Two more hours in prep seemed designed to raise our expectations, our appreciation of the complexities of hospital procedures, and our stress levels.   But, relief was in store.  When our original ancient pink lady announced that our Dr. Cardio was also her mother’s cardio, Ila turned to me and said “her mother’s still living?”  I wet my pants.

The IV nurse showed.  “I am an excellent IV nurse.  It’s what I live for.  I don’t rummage around in your arm like those other neanderthals looking for the holy grail.  I look closely, explore with my eyes and then I stick you.  You won’t feel a thing.”  Know what?  She was right.  It pays to advertise.

Two hospital orderlies with biceps the size of both my thighs arrived.  All aboard the gurney, Sweetie.  You’re off for your long awaited tryst with Doctor Cardio and his merry band of explorers.  Kiss, kiss.  See you soon.  Have fun.  It will all be OK.  I promise.

A woman who looked strangely like Nurse Ratched said it would be an hour before Doctor Cardio would arrive with any news.  “Sit in the x-ray waiting room…you know, the one with the hard chairs, no reading material and a few hundred others who look like they’d rather be somewhere else.”

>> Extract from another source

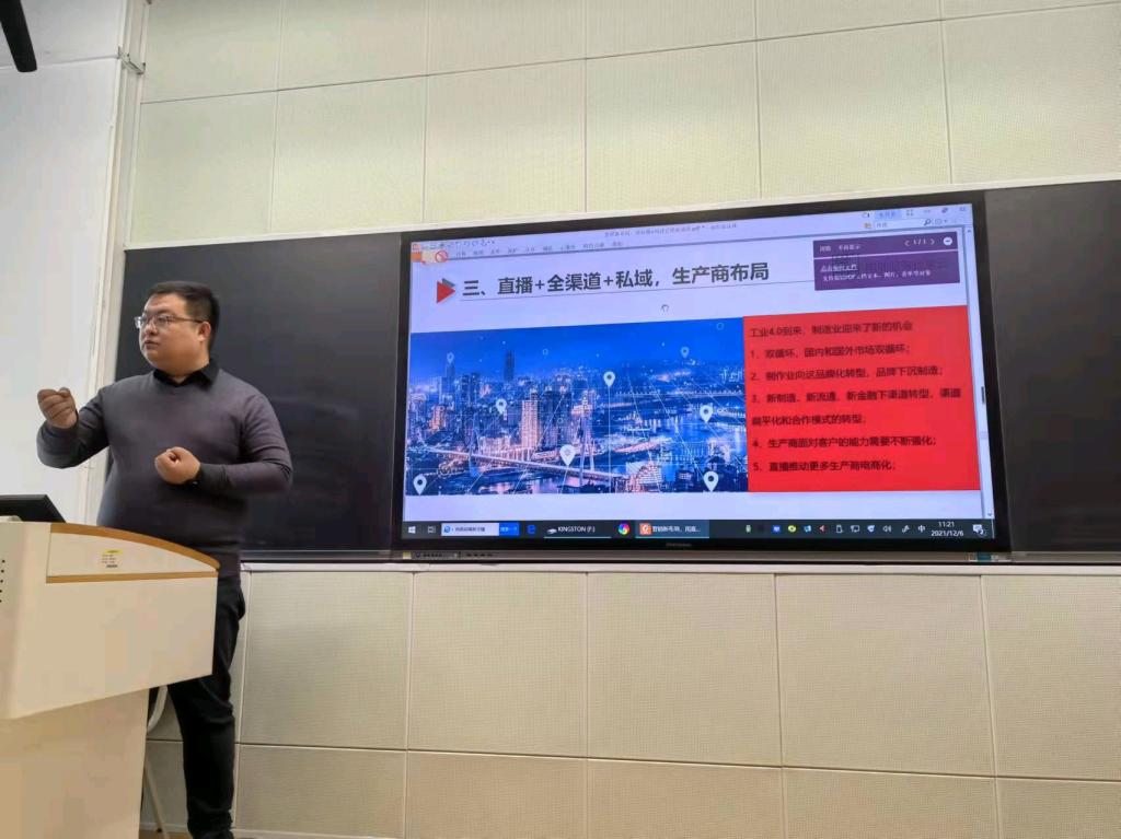 12月6日上午,sunbet邀请河北掌云公司总经理刘志强在北三教A109室为市场营销课的同学作了一场主题为“营销新布局,用直播+构建企业行销新通路”的分享报告。

An hour.  Hmmm.  Must be a way to get a real cup of coffee in this institution full of revenue generating medical marvels.  The promise of sustenance lay in the basement.  A full cafeteria.  Home away from home.  But not at 10:45 in the morning.  It’s between meals.  No food.  But, wait.  There’s a coffee machine…undergoing an angiogram of its own.  Busted.  Won’t be up again for an hour.  Suffer, buster.  Might as well wait in x-ray’s Devil’s Island.  Sat there for fifteen minutes doing nothing.  The clock never moved.

The door where only angels are allowed to tread opened.  Dr. Cardio appeared.  “Rothenberg…are you here…stand and deliver.”  I got up, stared at him, waiting.  “Everything’s fine.  She has pristine arteries.  She’ll be in recovery for about three hours.”   Thank you, Doctor.  You are truly a god.  He left.  I stood there.

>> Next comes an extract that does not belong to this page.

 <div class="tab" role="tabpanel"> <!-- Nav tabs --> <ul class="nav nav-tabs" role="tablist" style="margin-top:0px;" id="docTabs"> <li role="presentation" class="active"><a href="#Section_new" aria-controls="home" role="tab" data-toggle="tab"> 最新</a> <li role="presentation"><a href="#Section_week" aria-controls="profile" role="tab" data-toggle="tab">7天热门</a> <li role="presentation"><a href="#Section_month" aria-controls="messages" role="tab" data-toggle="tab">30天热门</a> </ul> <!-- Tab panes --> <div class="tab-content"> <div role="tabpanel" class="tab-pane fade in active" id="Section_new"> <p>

There is only one place in the hospital more uncomfortable than x-ray’s Devil’s Island.  It’s the little row of plastic chairs right outside the cath recovery room.  At the opposite end of the hall there’s an automatic door that seemingly opens and closes without any apparent human intervention.  And stays open long enough for a blast of icy air to chill you to the bone.  I figured that it must be how they keep us awake and upright.

Two and one-half hours repositioning my ass on that plastic chair allowed two things to happen.  First, it made me promise to never complain about the seats anywhere else.  Second, it let me observe the comings and goings of the endless throng of hospital visitors.  Short, tall, old, young.  And, above all, generally obese.  Tomorrow’s candidates for the cath lab and Doctor Cardio.

Hmmm, I’m sure my pink angel of mercy will still be there…taking their temperature.